Artikel 41. Verzameloverleg

De leden van de CDA-fractie vragen of de benaming verzameloverleg wel terecht gekozen is, daar het een overleg is zonder agenda. Zien deze leden het goed dat een dergelijk overleg reeds reglementair mogelijk is? Heeft het Presidium overwogen de commissieleden te vragen voor een bepaalde termijn hun onderwerpen aan te melden, zodat de commissievoorzitter en de regering een en ander kunnen ordenen of voorbereiden? Deze leden achten dat gewenst om te voorkomen dat de ongerichtheid van zo'n overleg tot niets leidt en een enkel onderwerp het gehele overleg kan domineren. De leden van de CDA-fractie vragen verder of dit verzameloverleg er toe kan leiden dat bijvoorbeeld mondelinge vragen of het vragen van een brief bij de regeling niet worden toegelaten. Zij zouden graag zien dat een dergelijk nieuw instrument leidt tot minder gebruik van andere instrumenten.

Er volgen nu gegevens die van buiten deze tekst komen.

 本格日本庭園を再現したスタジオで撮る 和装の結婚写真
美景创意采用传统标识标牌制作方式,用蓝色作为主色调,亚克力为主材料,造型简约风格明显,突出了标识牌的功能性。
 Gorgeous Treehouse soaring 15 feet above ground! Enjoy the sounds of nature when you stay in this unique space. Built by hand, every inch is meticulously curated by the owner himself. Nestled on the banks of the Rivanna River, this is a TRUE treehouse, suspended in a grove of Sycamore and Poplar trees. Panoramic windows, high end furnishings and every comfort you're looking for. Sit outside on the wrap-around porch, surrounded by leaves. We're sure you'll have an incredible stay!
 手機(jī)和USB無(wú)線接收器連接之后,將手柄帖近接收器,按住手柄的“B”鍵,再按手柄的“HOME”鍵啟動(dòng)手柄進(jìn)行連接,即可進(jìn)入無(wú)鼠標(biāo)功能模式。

De leden van de VVD-fractie zijn voorstander van verzameloverleggen, maar tegenstander van algemeen overleggen zonder agendapunten. Deze laatste vergaderingen groeien uit naar een vragenuurtje per commissie. Als de bedoeling is om door het houden van dit soort vergaderingen het aantal algemeen overleggen te verminderen, dan heeft dat zeker de instemming van deze leden. Als het doel is er alleen maar meer te houden, dan wijzen de leden van de VVD-fractie deze ontwikkeling af.

De leden van de SP-fractie hebben weinig vertrouwen in het overleg zonder agenda omdat zij dan de inhoud van de debatten niet kennen en het belang ervan niet in kunnen schatten. Deze leden vermoeden dat er daarom vaak zal worden afgezien van deelname aan de debatten. Zij stellen voor om, zoals te doen gebruikelijk, actuele ontwikkelingen waar enigszins mogelijk mee te nemen in de agenda.

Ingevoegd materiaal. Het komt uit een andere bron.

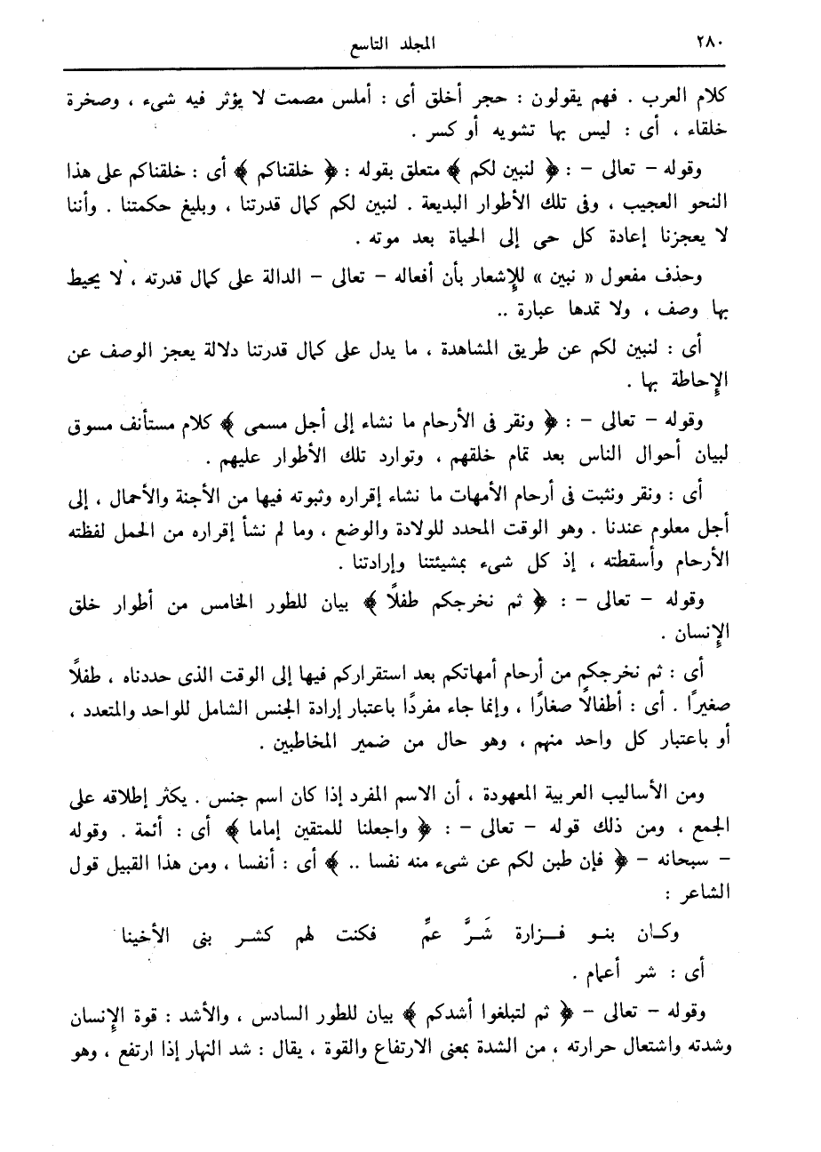 وقوله- تعالى-: لِنُبَيِّنَ لَكُمْ متعلق بقوله: خَلَقْناكُمْ أى: خلقناكم على هذا النحو العجيب، وفي تلك الأطوار البديعة. لنبين لكم كمال قدرتنا، وبليغ حكمتنا. وأننا لا يعجزنا إعادة كل حي إلى الحياة بعد موته.

Het voorstel voor het houden van een verzameloverleg kan op instemming van de leden van de GroenLinks-fractie rekenen. Daarbij suggereren deze leden om het verzameloverleg elk kwartaal te houden, waarbij in elk geval ieder individueel lid het recht heeft om schriftelijke vragen die niet tijdig beantwoord zijn aan de orde te stellen. De nieuwe publicatie van de Griffier kan daarbij een zinvolle rol vervullen. Bovendien wordt zo een goede vervanging gevonden voor het schrappen van de mogelijkheid om mondelinge vragen te stellen over schriftelijke vragen die na zes of meer weken niet beantwoord zijn. Want er moet toch een stok achter de deur blijven. De leden van de GroenLinks-fractie lijkt het verstandig een individueel lid het recht te geven om tijdens een verzameloverleg alsnog antwoord te vragen, om zo de situatie te vermijden dat een bewindspersoon een vraag niet beantwoordt of dat een meerderheid van de commissie de kwestie kan weren van de agenda van een verzameloverleg.

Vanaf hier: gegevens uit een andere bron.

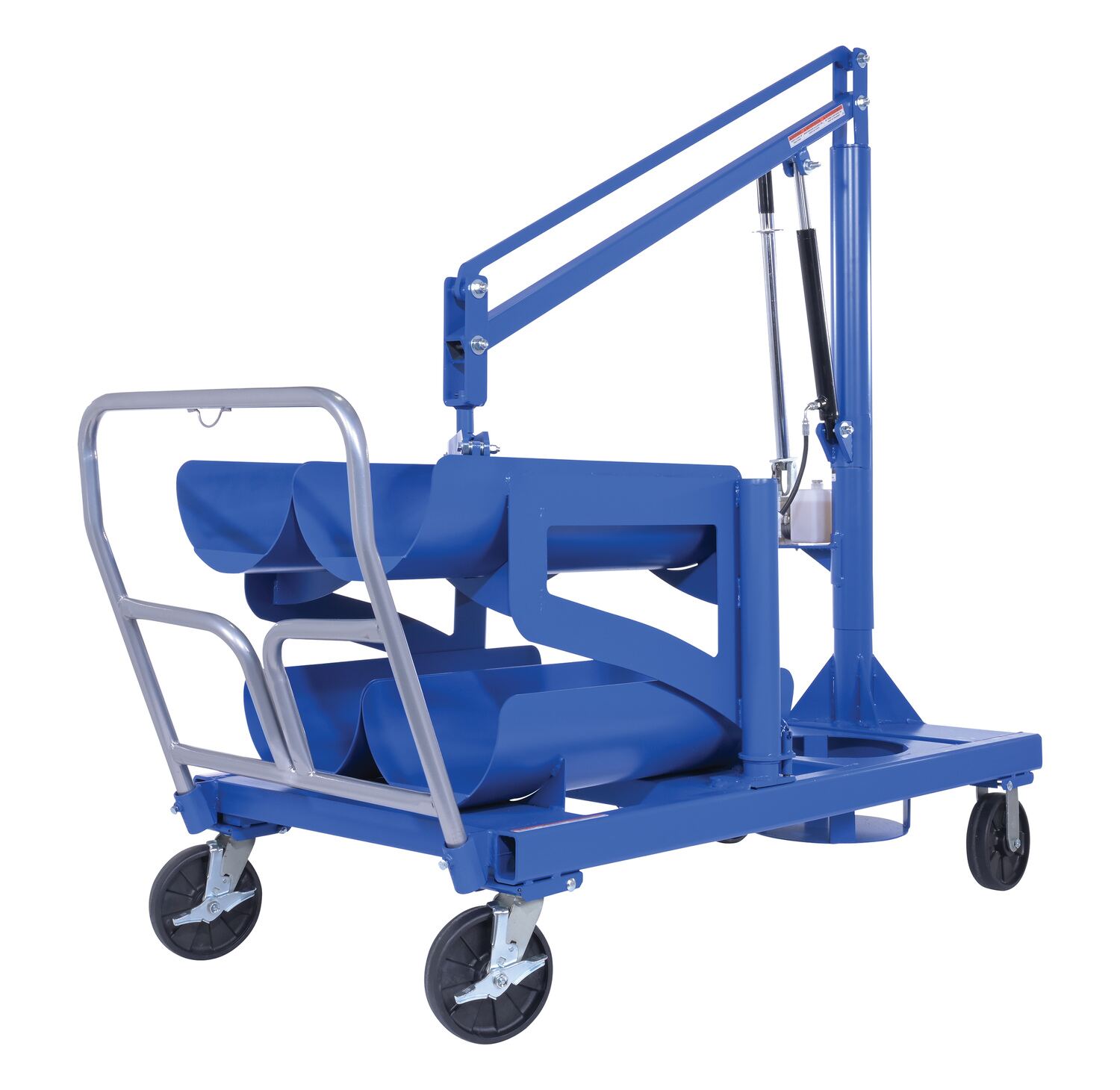 Steel LP Tank Truck 136-7/16 In. x 33-13/16 In. x 94-9/16 In. 6 Tank Capacity BlueFinally an easy answer to lifting, storing, and transporting problems associated with LP tanks. This all-in-one LP tank truck allows users to transport LP tanks where needed. The built-in crane can be used to safely load full tanks into fork trucks. The crane pivots for maximum versatility. The crane boom is raised and lowered with a manual hand pump hydraulic lift. The tank attachment at the end of the boom automatically clamps to each end of the cylinder. The built-in racks are ideal for LP tank storage-racks. Store two (2) tanks in the vertical position and four (4) tanks in the horizontal position. Truck includes a push handle with casters for portability.

De leden van de SGP-fractie hebben begrip voor de achtergronden van het voorstel om te komen tot verzameloverleggen, maar achten de daarvoor gekozen vormgeving in ieder geval niet wenselijk. Zij verwachten dat dergelijke overleggen zonder agenda een nogal ongericht karakter zullen hebben, voornamelijk doordat tal van uiteenlopende onderwerpen aan de orde kunnen worden gesteld terwijl daar buiten de vragenstellers niemand op is voorbereid. Daarnaast zijn deze leden van mening dat de leden van de Kamer van te voren op inhoudelijke gronden moeten kunnen afwegen of het zinvol is dan wel dat het prioriteit verdient om een bepaald overleg bij te wonen. Daarvoor is een agenda uiteraard noodzakelijk. Graag vernemen de leden van de SGP-fractie de reactie van het Presidium op deze punten.

Artikel 43. Plenaire behandeling na begrotingsoverleg

Kan het Presidium toelichten waarom zij het wenselijk acht dat over alle begrotingen in één week wordt gestemd, zo vragen de leden van de CDA-fractie. Acht het Presidium dit ook uitvoerbaar, zo vragen deze leden. Zij vragen ook naar de gevolgen voor de behandeling van de rijksbegroting in de Eerste Kamer.

De voorzitter van de commissie,

Weisglas

De adjunct-griffier van de commissie,

Franke


XNoot
1

Samenstelling: Leden: Van der Vlies (SGP), Van Nieuwenhoven (PvdA), Weisglas (VVD), voorzitter, Van Heemst (PvdA), Van Gent (GL), Kant (SP), De Vries (CDA), Spies (CDA), Eerdmans (LPF), Van der Ham (D66) en Griffith (VVD). Plv. leden: Huizinga-Heringa (CU), Fierens (PvdA), Aptroot (VVD), Depla (PvdA), Vos (GL), Gerkens (SP), Smilde (CDA), Ormel (CDA), Kraneveldt (LPF), Van der Laan (D66) en Luchtenveld (VVD).